What it found: Dweck's research distinguishes between fixed mindsets (belief that abilities are innate and unchangeable) and growth mindsets (belief that abilities can be developed through effort and strategy). Children with fixed mindsets tend to avoid challenges (where failure would threaten their identity), attribute failure to lack of ability, and show deteriorating performance under difficulty. Children with growth mindsets tend to embrace challenges, attribute failure to effort and strategy, and show resilient or improving performance.

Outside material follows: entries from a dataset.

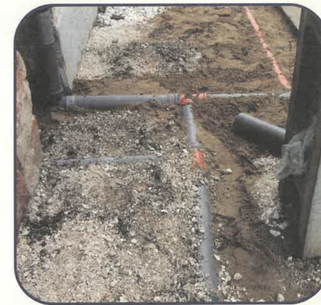
Szakcsiszó csapadékvíz elvezetés

A Mester utca az egyik legalacsonyabban fekvő utca, amelynek a terhelése nagyon nagy a hegy felől érkező csapadékvíz miatt. A tervek készítésénél és a kivitelezés során ezeket a szempontokat szem előtt tartva aszfaltszőnyegezés kétoldali szegélyezéssel, járda és kocsis beállók kialakítása történik meg.
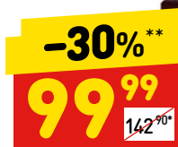
НАБОР СОУСОВ «СЛАВЯНСКИЙ ДАР» аджика сладко-острая, хреновина, горчица

1 цена за 1 шт. при покупке 2 шт. одновременно
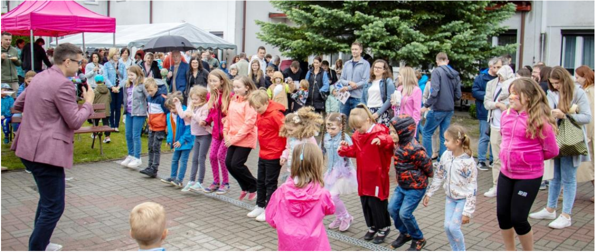
Fotografia przedstawia uczestników uroczystości podczas pikniku na terenie przedszkola.
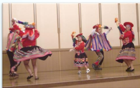
Dança Folclórica do Perú
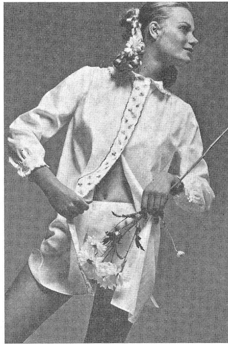
Schlafanzug aus weissem Batist mit Petit-Point-Stickerei Modell: Schiesser-S-Line, Radolfzell

Dinge ankommt. — Auch bei der Bademode ist der Setgedanke oberstes Gesetz. Hans Wolfmaier (Hengella) wies besonders auf den Partnerlook hin, dem er eine grosse Chance gibt. (?) — Abschliessend erläuterte Giselher Menge (Pompador) das Wort «Loungewear». Es handelt sich um einen neuen amerikanischen Kleidungsstil, nämlich um leichte Kleidung, auch Hosenanzüge, die sich so leger und so frei wie Wäsche trägt, die aber den Vorteil hat, damit «angezogen» zu sein.
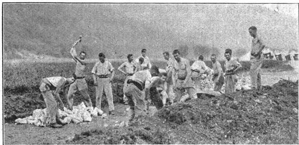
Mit vereinter Kraft: Flieger-Rekruten beim Strassenbau. Et avec les bras de tous: recrues des troupes d'aviation construisant une route.
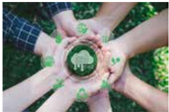
▲EU가 세계 최초로 탄소제거 인증제 도입을 추진한다.

유럽연합(EU)이 세계 최초로 ‘탄소제거 인증제’ 도입을 추진한다. 신규지침이 확정되면 기업의 탄소제거 기술 개발 및 보급 과정이 EU 기준을 충족할 때만 인증을 받을 수 있어 기후무역의 장벽이 더욱 높아질 전망이다. EU측은 인증제를 통해 그린워싱 방지와 민간 투자 촉진 효과도 기대하고 있다.
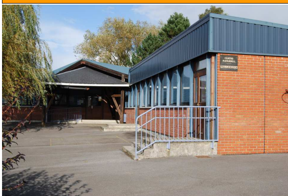
Ecole Maternelle Paul LANGEVIN (Recquignies)
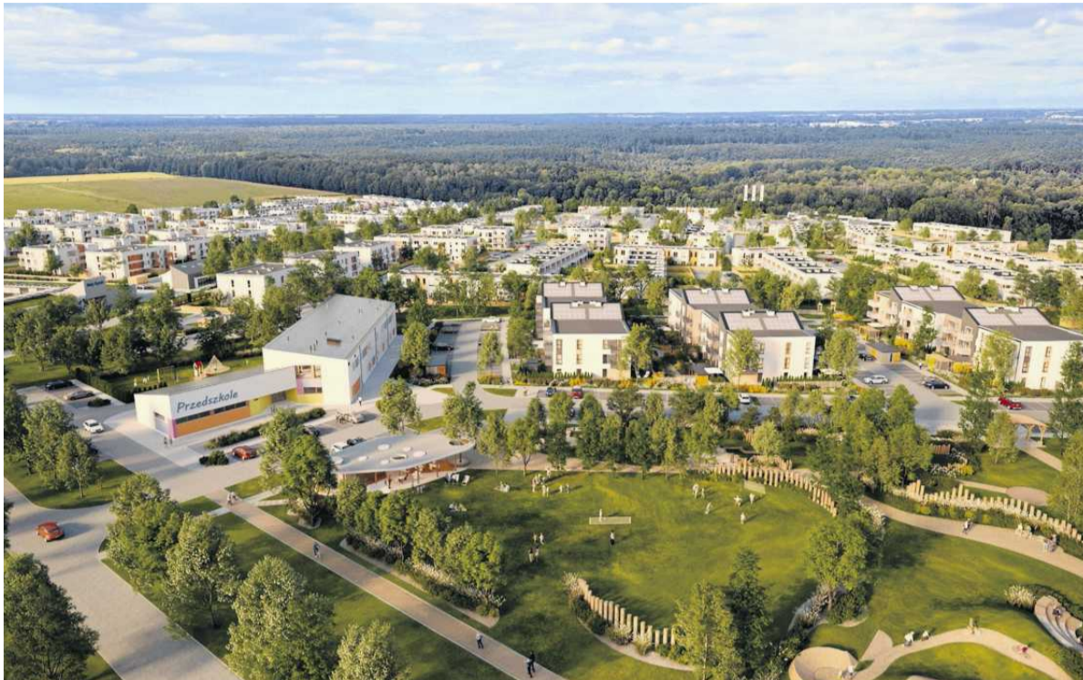
• Osiedle Dąbrówka

Evidence grade: [Evidence: Strong] (for the descriptive theory of how mindsets affect learning behavior); [Evidence: Contested] (for large-scale mindset intervention programs producing reliable academic outcomes) Replication status: The core descriptive findings are robust. Large-scale attempts to improve academic outcomes through mindset interventions have produced inconsistent results. The theory is valid; the assumption that brief interventions reliably shift academic outcomes at scale has not been reliably confirmed.


Bandura, A. (1977). Self-efficacy: Toward a unifying theory of behavioral change. Psychological Review, 84(2), 191–215.

Bandura, A. (1986). Social foundations of thought and action: A social cognitive theory. Prentice-Hall.

What it found: Self-efficacy — the belief in one's capacity to execute behaviors necessary to produce specific outcomes — powerfully predicts whether people attempt challenging tasks, how much effort they invest, and how long they persist in the face of difficulty. Self-efficacy is domain-specific (high self-efficacy in mathematics does not imply high self-efficacy in writing), and is built through four sources: mastery experiences (successfully doing the task), vicarious experiences (seeing similar others succeed), social persuasion (credible encouragement), and physiological states (interpreting arousal as excitement rather than anxiety).

Evidence grade: [Evidence: Strong] Replication status: Self-efficacy's role in motivation and performance is among the most replicated findings in psychology. It predicts academic achievement across subjects, domains, cultures, and age groups.